AWS Data Engineering eventbridgeevent-drivenaws

Using Amazon EventBridge in Data Engineering Workflows

By Infra IT Consulting · April 8, 2024 · 8 min read

Content on this site is AI-assisted and personally reviewed by Hazem. Learn more

The traditional model of scheduling data pipelines with cron is simple to understand and trivially easy to implement. It is also fundamentally misaligned with how data actually arrives in most production systems. Data does not arrive at exactly 2:00 AM every night; it arrives when upstream systems produce it, when APIs respond, when files land in S3, when transactions complete. Scheduling pipelines based on time rather than data arrival creates two persistent problems: pipelines that run before the data is ready (producing incomplete or empty results) and pipelines that wait longer than necessary (adding unnecessary latency to downstream consumers).

Amazon EventBridge is the serverless event bus that enables data teams to build truly event-driven pipelines on AWS. It routes events between producers and consumers based on rules you define, without requiring custom polling infrastructure or tight coupling between pipeline components. For data engineering, EventBridge is the connective tissue that makes it possible to trigger Glue jobs when S3 files land, kick off Step Functions executions when database records change, and coordinate across multiple AWS accounts in enterprise data mesh architectures.

EventBridge Fundamentals for Data Engineers

EventBridge operates on three core concepts: event buses, rules, and targets.

An event bus is a stream of events. AWS provides a default event bus that receives events from AWS services (S3, Glue, RDS, Step Functions, and many others), and you can create custom event buses for your application-generated events. In a data mesh architecture, cross-account event buses allow a data product team to publish events that other domain teams subscribe to independently.

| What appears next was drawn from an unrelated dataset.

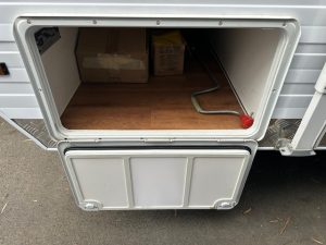Externally the caravan has been well maintained. Sitting on a 4” chassis 15” rims. On the A-frame you have a spare wheel and twin 9KG gas bottles located under a custom made gas bottle cover. The caravan has a front tunnel boot, roll out awning and a picnic table.

Rules are pattern-matching filters that evaluate incoming events and determine which targets to invoke. Rules use JSON pattern matching against the event structure — you can match on event source, event type, and any field within the event detail object. Rules support content-based filtering, meaning you can route events based on the actual values in the event payload, not just the event type.

Targets are the AWS services or endpoints that EventBridge invokes when a rule matches. For data engineering, the most relevant targets are AWS Lambda, AWS Step Functions (state machines), AWS Glue (workflow execution), Amazon SQS, and Amazon Kinesis Data Streams.

Triggering Glue Jobs on S3 File Arrival

The most common EventBridge pattern in data engineering is S3 event-driven job triggering. When a file lands in an S3 prefix, an EventBridge rule detects the Object Created event and triggers the appropriate Glue job or Step Functions workflow. This replaces S3 event notifications directly to Lambda with a more flexible routing layer that can fan out to multiple targets and apply content-based filtering.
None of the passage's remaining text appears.